Spis treści
- Gotowy model ekologicznego budownictwa
- Wiele rozwiązań dla jednego rodzaju drewna: jesionu
- Nieoczywiste decyzje proekologiczne. „Bierzemy to, jakie jest!”
- Realia drewnianego, nowoczesnego budownictwa
- Czy Polska ma szansę na drewnianą przyszłość?
Gotowy model ekologicznego budownictwa
Dom Anton II to siedmiometrowa, monolityczna bryła usytuowana w sadzie pod Augsburgiem, w Niemczech. Jej drewniany szkielet opiera się na systemie połączeń niewymagających kleju ani metalu – jedynie łączenie z fundamentem jest skręcane. Sam fundament również zaprojektowano z myślą o demontażu – obok betonu monolitycznego wykorzystano prefabrykowane bloki betonowe stosowane w budowie silosów.
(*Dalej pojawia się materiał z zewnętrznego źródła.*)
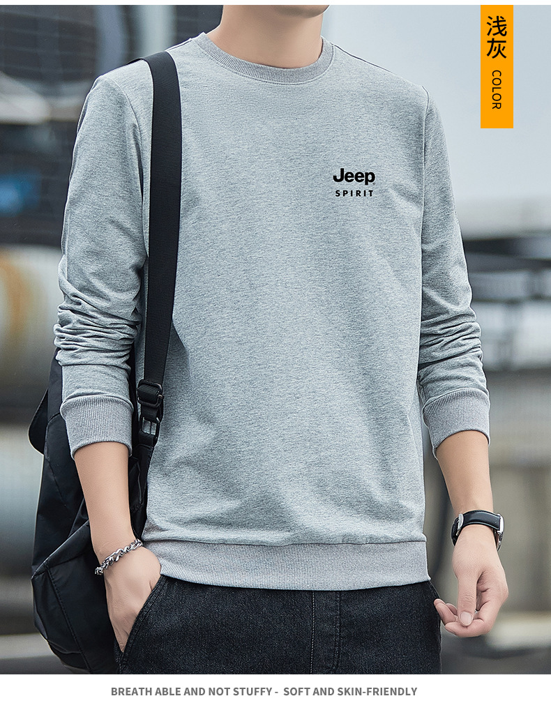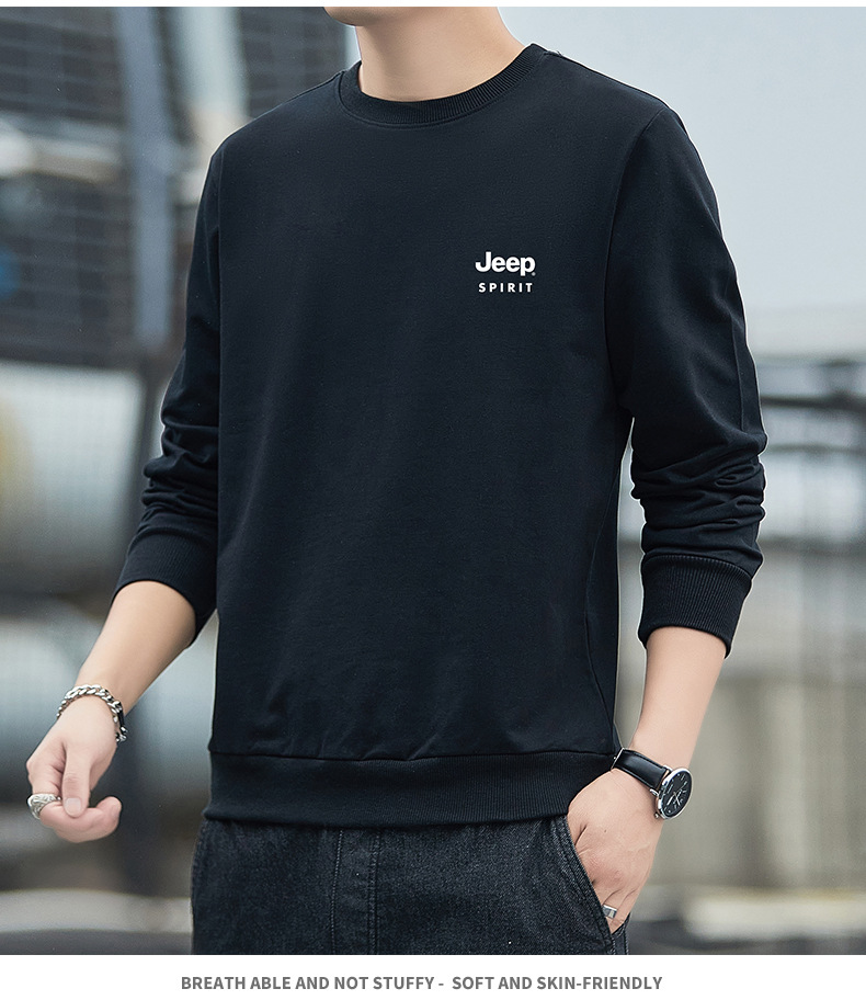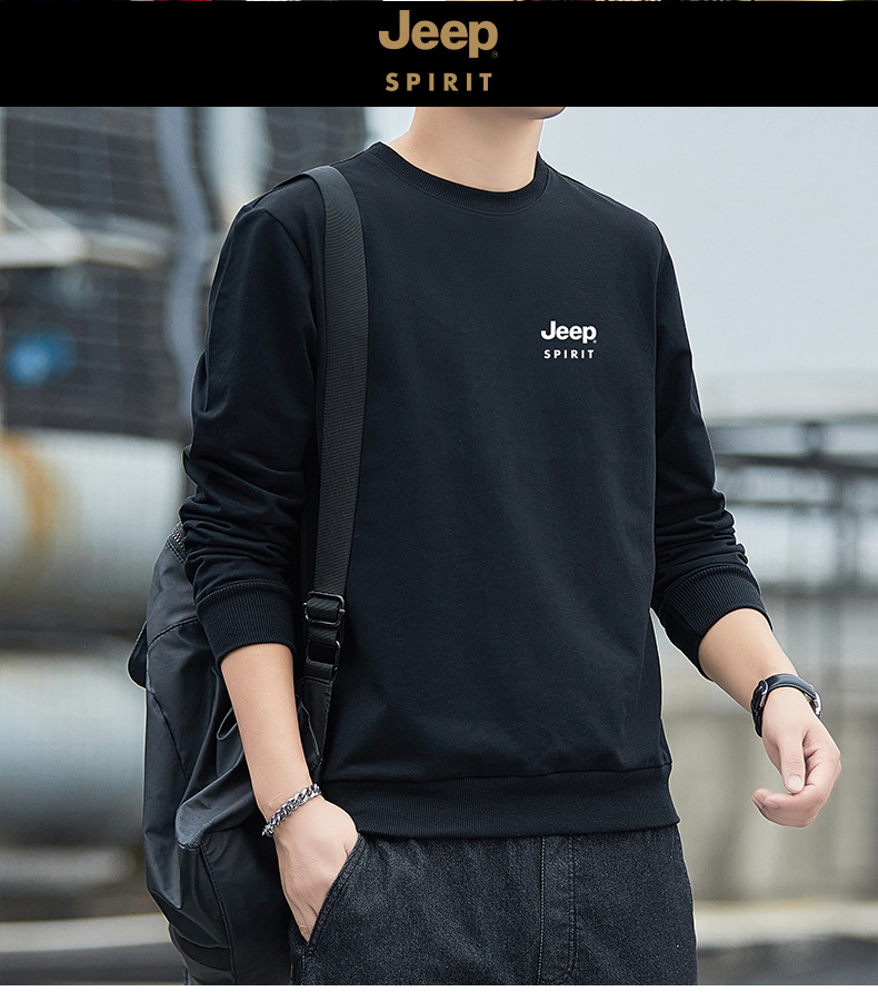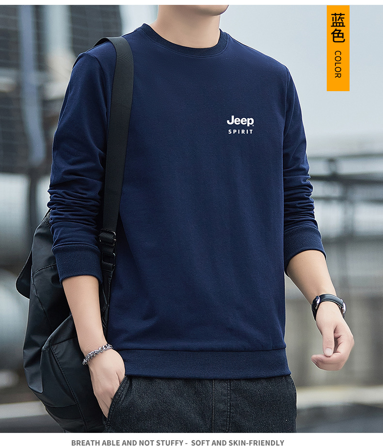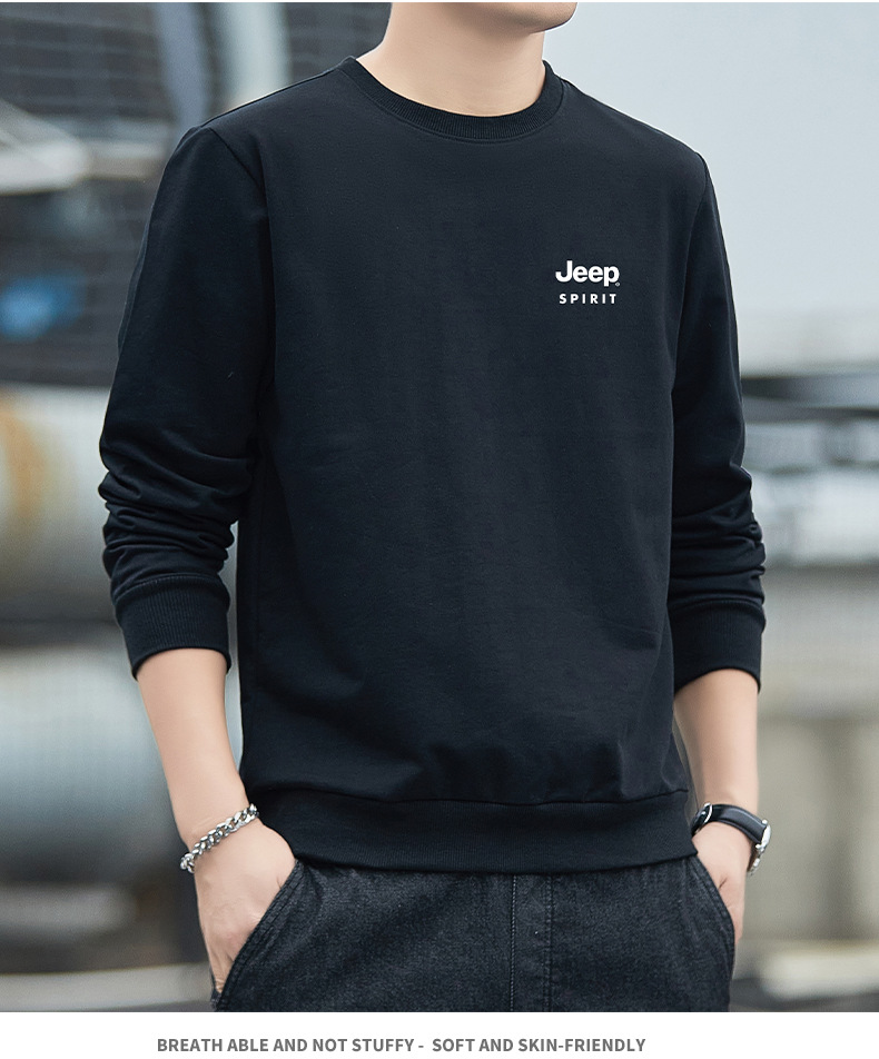 인기 JEEP SPIRIT 봄, 가을 라운드 넥 스웨트 셔츠 남성 캐주얼 루즈 대형 긴팔 티셔츠 탑 6501 새로운 스타일스토어 가기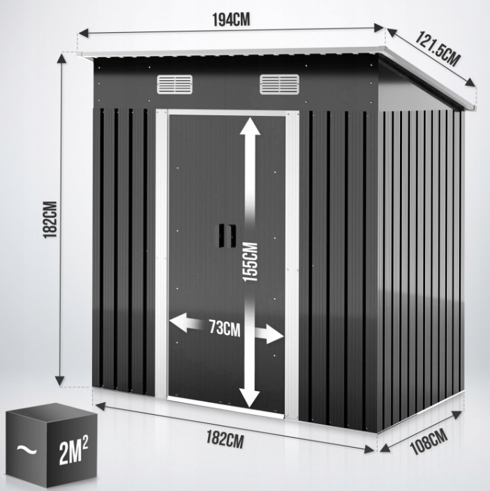 Úvod » ZAHRADA » DOMKY, DŘEVNÍKY » Zahradní DOMKY » Jago Zahradní domek na nářadí, antracit, 182 x 186 x 118 cm (b)

Prawdziwa zasada konstrukcyjna ujawnia się po wejściu do środka, kiedy naszym oczom ukazują się ukośne podpory podtrzymujące widoczne, kasetonowe sufity. Cała struktura opiera się na module o rozstawie 80 cm, co pozwala na łatwe skalowanie budynku – od dwukondygnacyjnej formy, jak prezentowany dom, po inne warianty przestrzenne.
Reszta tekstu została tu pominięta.